Novel test for randomness based on digraphs.
Imagine a directed graph with 256 nodes and 256 edges, where a single arc points from each node to another node based on the value of a byte. If the graph is determined by 256 random bytes it might looks like this, like plants from the artemisia family.
Many of the nodes have no incoming arcs (leaves), we say indegree=0. Many more have indegree=1, fewer with indegree=2 & 3, and there are three examples with indegree=4. Unlike plants, the digraph has cycles, including one with length=1. We can characterize the graph by the distribution of indegree values for all its nodes, and posit that graphs determined by randomness will have similar distributions. The principle extends well for graphs with billions of nodes, and serves to test large quantities of data.
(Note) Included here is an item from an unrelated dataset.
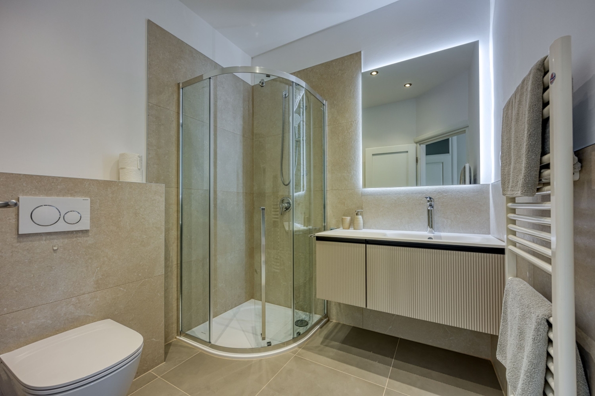 There are two separate, tiled bathrooms. Each has a shower, basin and WC.

With that motivation, here is the help for utility artemisia
Usage: artemisia8, artemisia16, artemisia24, artemisia32, artemisia <n>
Tests random data on stdin by constructing a directed graph with 2^n nodes
and 2^n edges. Each node has outdegree=1 and its target is determined by the
data. For random data, the nodes are observed to have indegree following a
distribution with
P(indegree = d) = 1 / (e d!)
for 2^n large. Indegree is efficiently counted up to 3 for each node, expecting
Pe0 = 1 / e ~ 0.3679
Pe1 = 1 / e ~ 0.3679
Pe2 = 1 / 2e ~ 0.1839
Pe3+ = 1 - (5 / 2e) ~ 0.0803
Four different bit lengths n are supported
n 2^n data required
= === =============
8 256 256 B
16 65,536 128 KB
24 16,777,216 48 MB
32 4,294,967,296 16 GB
Indegree counting is capped at 3 so that only two bits are used for each node,
allowing the 32-bit case to use just 1GB of memory. Once the required data is
read, the count for each expected value is totalled, and the totals compared
with the expected values using Pearsons's Chi Squared test. The p-value is
reported, and a test pass or fail is indicated at the 1% confidence level.